> **GOAL OF THE EXERCISE**
For every entry below, give it back exactly and leave out any image.

> **THE DATA**
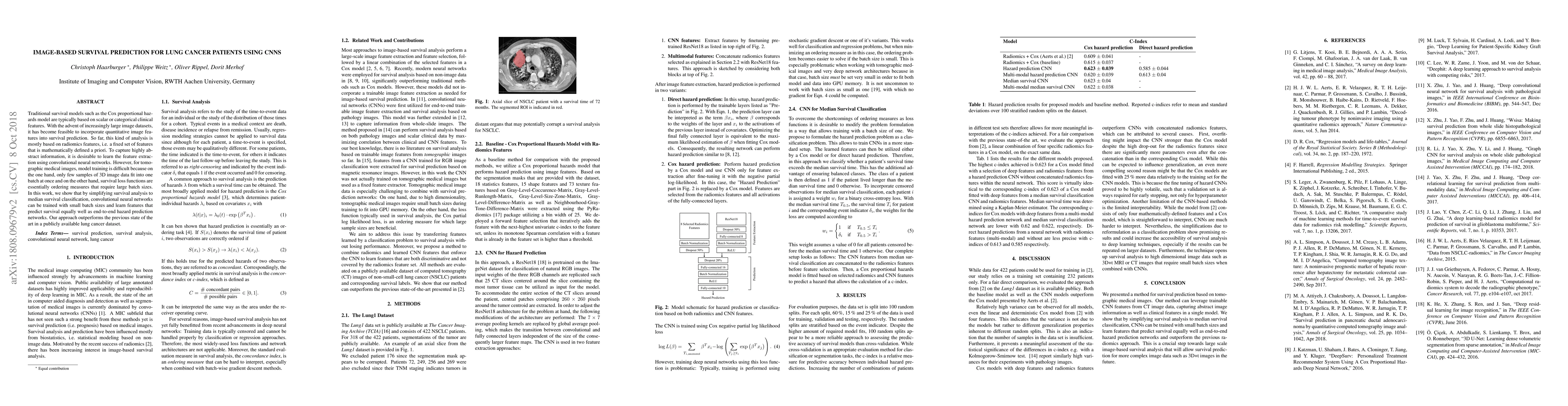 This paper proposes using convolutional neural networks (CNNs) for image-based survival analysis in lung cancer patients, simplifying survival analysis to median survival classification to enable training with small batch sizes. The method outperforms existing models, achieving better survival prediction on a lung cancer dataset.
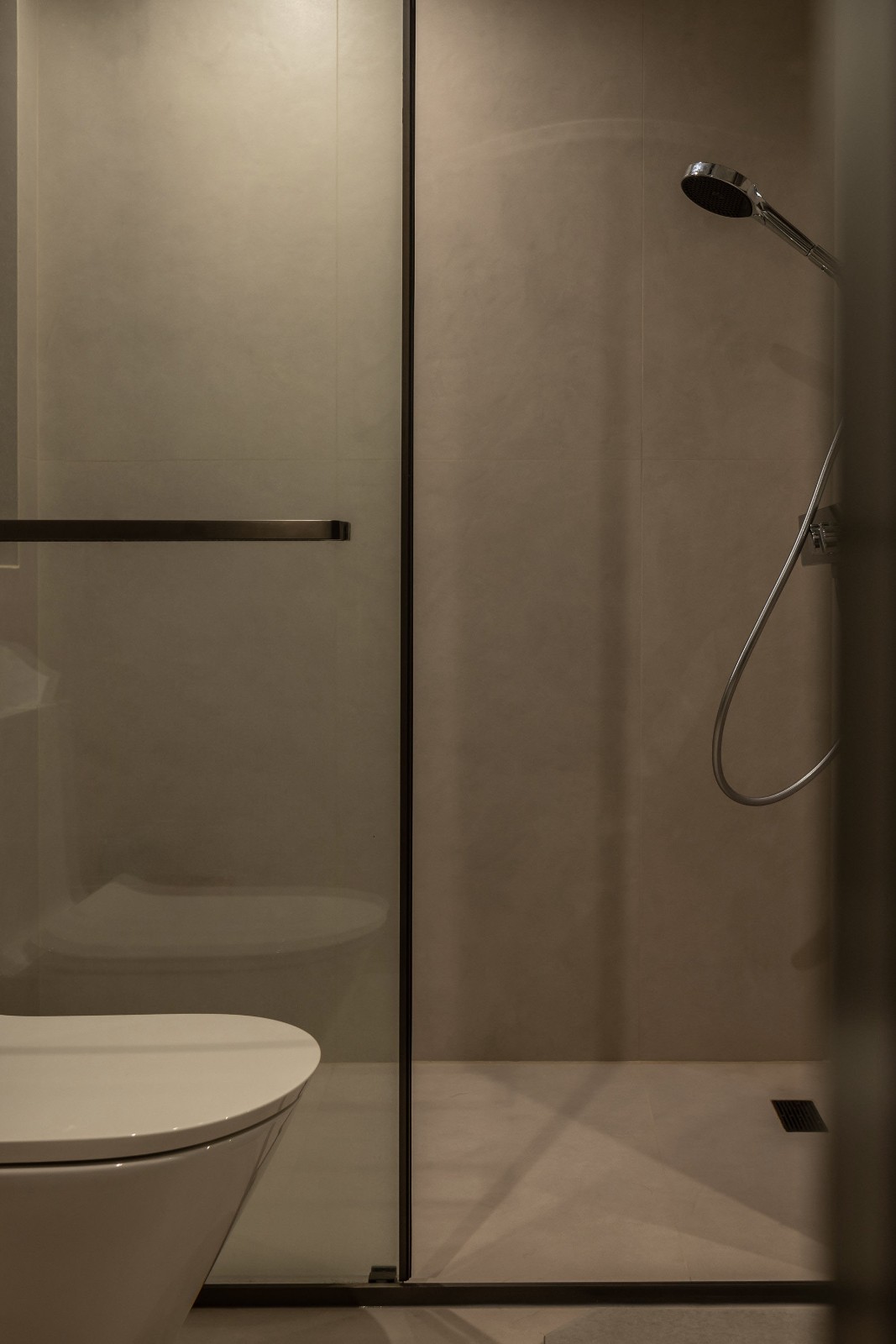 卫生间的设计,讲究简洁松弛的氛围,功能与美感并存。玻璃,既有剔透敞亮的观感,又兼具分隔功能,释放了空间。
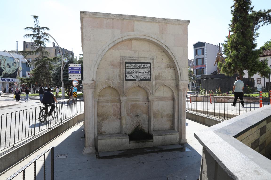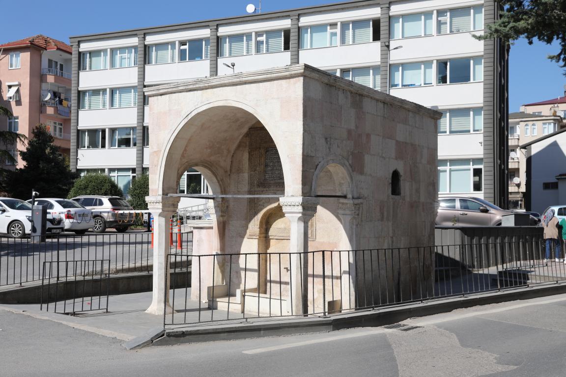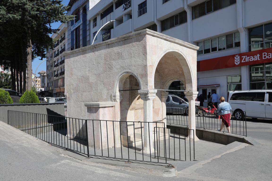 Cumhuriyet Mahallesi'nde 39 ada, 6 parselde yer alan çeşme Geç Osmanlı Dönemine ait olup bir meydan çeşmesidir. Cadde üzerinde bulunan yapı düzgün kesme taştan yapılmıştır. Ön cephesi önde iki sütun, arkada iki yarım sütunla taşınan yuvarlak kemerlidir. Sütun başlıkları zikzak motiflerle süslüdür. Duvarda işlemeli bir çerçeve içinde 8 satırlık bir kitabe olup ortadan dikine çizgiyle ikiye ayrılmıştır. Ortadaki kemerin üzerinde dikine bir çizgi ile ikiye ayrılan 3 satırlık bir kitabe yer almaktadır. Çeşmenin üst kısmı düzdür. 08.03.1984'te tarihi olarak tescillenmiştir.
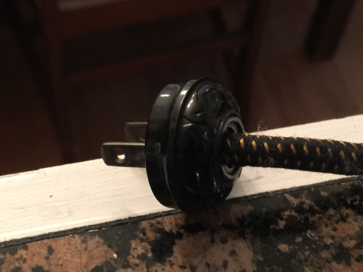 - Close up of the plug and cloth electrical cord.
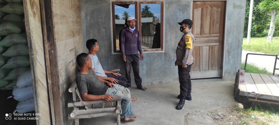 LHOKSEUMAWE – Polsek Muara Batu, Polres Lhokseumawe gelar patroli dialogis sosialisasi protokol kesehatan kepada masyarakat di Gampong Kuala Dua, Kecamatan Muara Batu, Aceh Utara, Senin (3/5/2021).
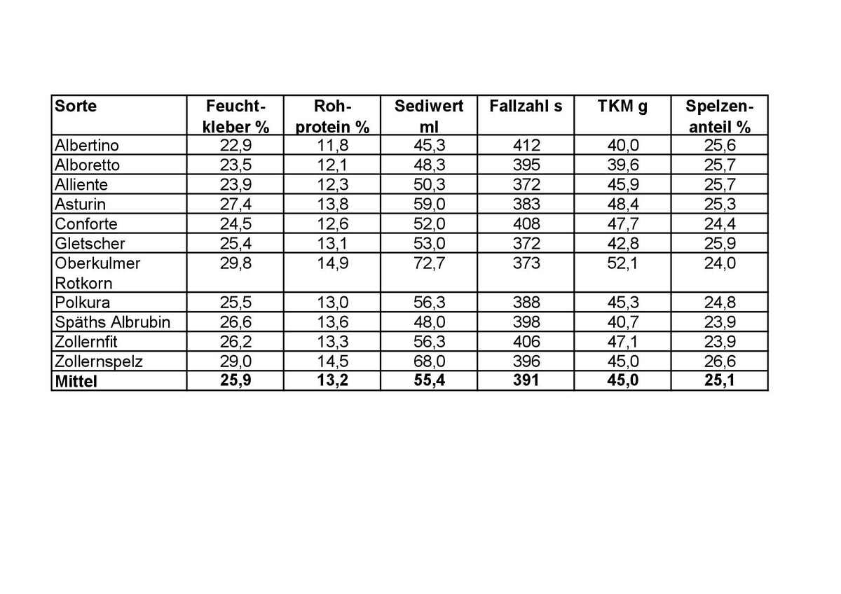 Der Durchschnittsertrag über alle Standorte lag 2024 bei 36,4 dt/ha und somit deutlich (28 %) unter den Erträgen des Vorjahres. Bei den Qualitäten, insbesondere Feuchtkleber (25,9 %) und Rohprotein (13,2 %), schnitten die Sorten 2024 besser ab als im Vorjahr.
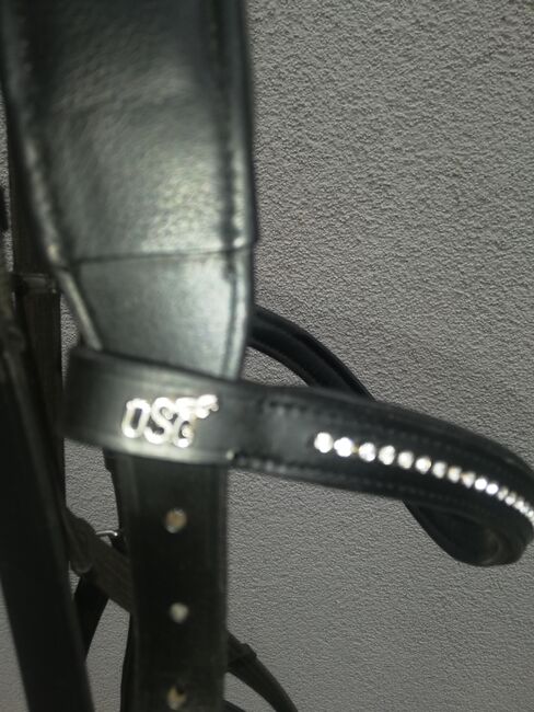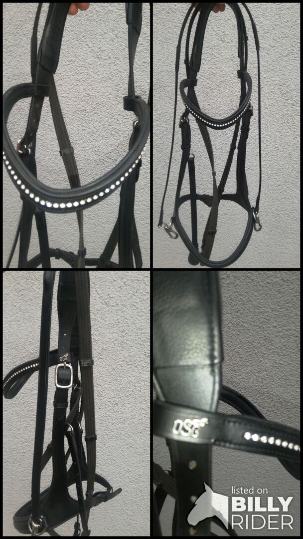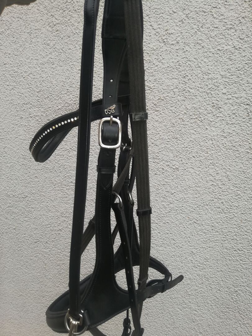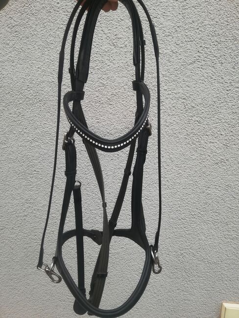 Wunderschöne Trense aus sehr welchem Leder und einem funkelnden Stirnriemen.
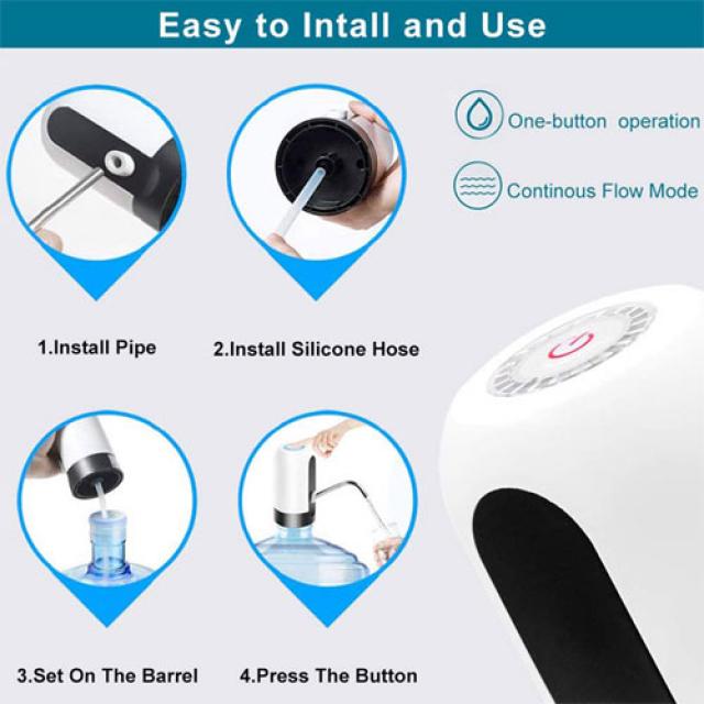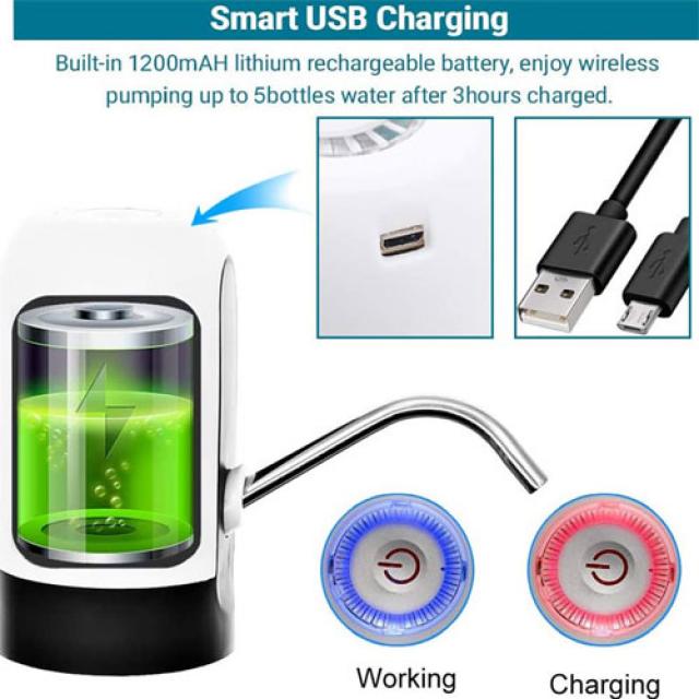 Universal electric drinking water pump designed for easy water dispensing. Just press the switch button and you can get the water quickly. Comes with USB cable for easy charging. The red indicator light will flash while it is charging, and it will normally on when full charged. Stainless steel outlet pipe provides a good angle for getting water. Food grade silicone hose is safe to use and detachable.

> **ANSWER AREA**
 This paper proposes using convolutional neural networks (CNNs) for image-based survival analysis in lung cancer patients, simplifying survival analysis to median survival classification to enable training with small batch sizes. The method outperforms existing models, achieving better survival prediction on a lung cancer dataset.
 卫生间的设计,讲究简洁松弛的氛围,功能与美感并存。玻璃,既有剔透敞亮的观感,又兼具分隔功能,释放了空间。
 Cumhuriyet Mahallesi'nde 39 ada, 6 parselde yer alan çeşme Geç Osmanlı Dönemine ait olup bir meydan çeşmesidir. Cadde üzerinde bulunan yapı düzgün kesme taştan yapılmıştır. Ön cephesi önde iki sütun, arkada iki yarım sütunla taşınan yuvarlak kemerlidir. Sütun başlıkları zikzak motiflerle süslüdür. Duvarda işlemeli bir çerçeve içinde 8 satırlık bir kitabe olup ortadan dikine çizgiyle ikiye ayrılmıştır. Ortadaki kemerin üzerinde dikine bir çizgi ile ikiye ayrılan 3 satırlık bir kitabe yer almaktadır. Çeşmenin üst kısmı düzdür. 08.03.1984'te tarihi olarak tescillenmiştir.
 - Close up of the plug and cloth electrical cord.
 LHOKSEUMAWE – Polsek Muara Batu, Polres Lhokseumawe gelar patroli dialogis sosialisasi protokol kesehatan kepada masyarakat di Gampong Kuala Dua, Kecamatan Muara Batu, Aceh Utara, Senin (3/5/2021).
 Der Durchschnittsertrag über alle Standorte lag 2024 bei 36,4 dt/ha und somit deutlich (28 %) unter den Erträgen des Vorjahres. Bei den Qualitäten, insbesondere Feuchtkleber (25,9 %) und Rohprotein (13,2 %), schnitten die Sorten 2024 besser ab als im Vorjahr.
 Wunderschöne Trense aus sehr welchem Leder und einem funkelnden Stirnriemen.
 Universal electric drinking water pump designed for easy water dispensing. Just press the switch button and you can get the water quickly. Comes with USB cable for easy charging. The red indicator light will flash while it is charging, and it will normally on when full charged. Stainless steel outlet pipe provides a good angle for getting water. Food grade silicone hose is safe to use and detachable.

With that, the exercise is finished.